On Thu, 15 Nov 2012, Nick Bartos wrote:
> Sorry I guess this e-mail got missed.  I believe those patches came
> from the ceph/linux-3.5.5-ceph branch.  I'm now using the wip-3.5
> branch patches, which seem to all be fine.  We'll stick with 3.5 and
> this backport for now until we can figure out what's wrong with 3.6.
> 
> I typically ignore the wip branches just due to the naming when I'm
> looking for updates.  Where should I typically look for updates that
> aren't in released kernels?  Also, is there anything else in the wip*
> branches that you think we may find particularly useful?

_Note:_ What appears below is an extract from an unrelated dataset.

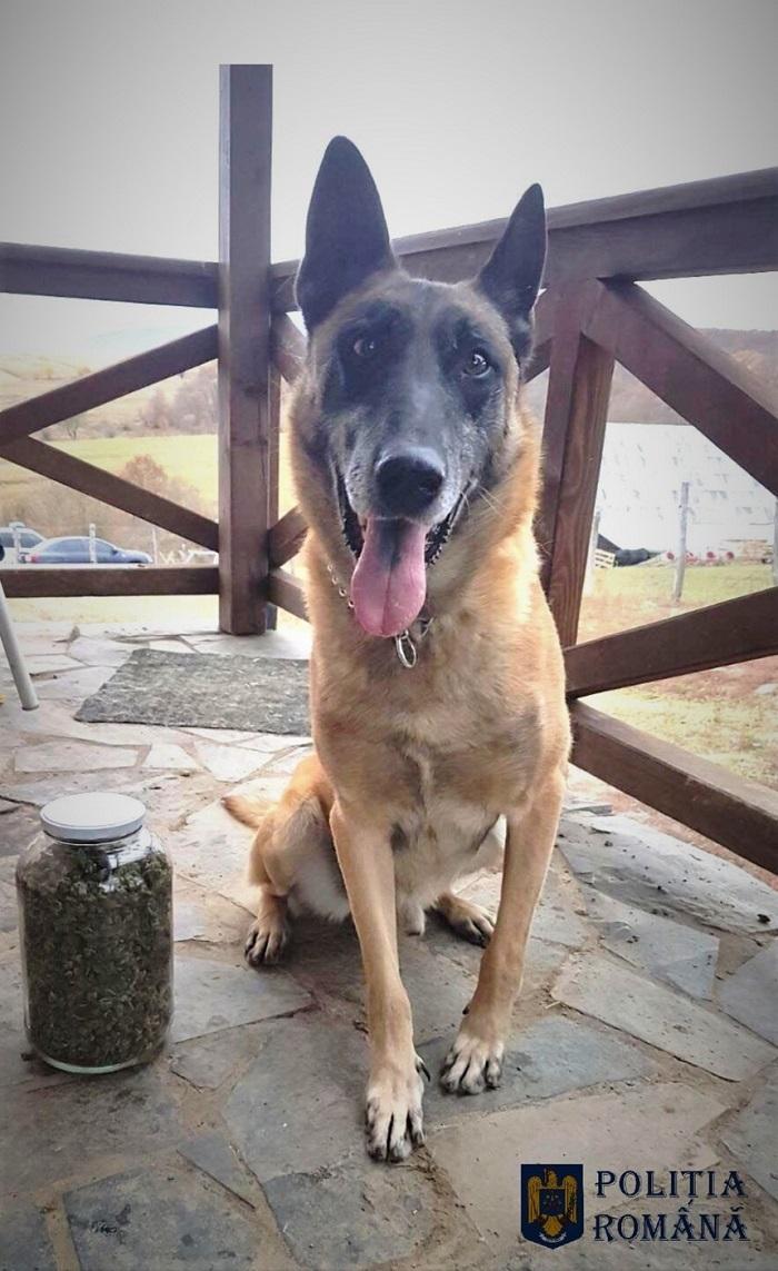 Jumătate de kilogram de DROGURI ascunse într-un borcan, în peretele unei case, găsite în Covasna, de un CÂINE polițist

You were looking in the right place.  The problem was we weren't super 
organized with our stable patches, and changed our minds about what to 
send upstream.  These are 'wip' in the sense that they were in preparation 
for going upstream.  The goal is to push them to the mainline stable 
kernels and ideally not keep them in our tree at all.

wip-3.5 is an oddity because the mainline stable kernel is EOL'd, but 
we're keeping it so that ubuntu can pick it up for quantal.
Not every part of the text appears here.